For five years, members of Montreal’s Irish community have been working on plans for a park to memorialize the 6,000 famine refugees who died here in 1847’s Summer of Sorrow.

Now, the sale of the site of the proposed park appears to have dealt a deathblow to the plans to commemorate North America’s largest Irish Famine burial ground.

On Tuesday, organizers learned the Canada Lands Company, a federal agency, has sold the land near the Victoria Bridge to Hydro-Québec.

Given that they had been working with all levels of government to bring the memorial park to fruition, the news came as a total shock, said Victor Boyle, national president of the Ancient Order of Hibernians and a director of the Montreal Irish Monument Park Foundation.

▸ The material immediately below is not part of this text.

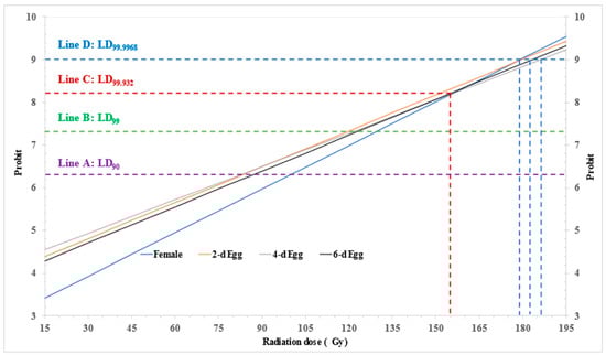 The expected dose-probit lines for 2-, 4-, and 6-day-old eggs demonstrated a roughly parallel relationship. In contrast, the dose-probit line for 0-day-old eggs appeared in a lower position initially and displayed a steeper slope (0.034 vs. 0.026–0.028 for produced eggs) [32,35]. Notably, no intersections were observed at probit-5.0 (LD50), probit-6.28 (line A, LD90), and even at probit-7.32 (line B, LD99). However, the line intersected with the lines for 2- and 4-day-old eggs at approximately probit-8.20 (line C, LD99.932), and the intersection continued until probit-9 (line D, LD99.9968) with the line for 6-day-old eggs (Figure 2).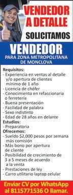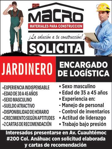 Solicito Ayudante General, Hombre o Mujer, Edad de 25 a 40 años, no se requiere experiencía. Informes 866-632-18-16. (58277 : 07-Jun : 05-Aug)

“After all, we have met with every level of government, from the local borough mayor right up until the local MP, Marc Miller, so repeatedly that these guys know our shirt size. And they promised that they would keep us in the loop,” Boyle said.

Johanne Savard, a spokesperson for Hydro-Québec, confirmed that the utility is acquiring the lot at Bridge St. and Des Irlandais St. to build a new electrical substation.

Savard said the new substation is needed to supply the future Réseau électrique métropolitain (REM) train as well as the growing population of Griffintown...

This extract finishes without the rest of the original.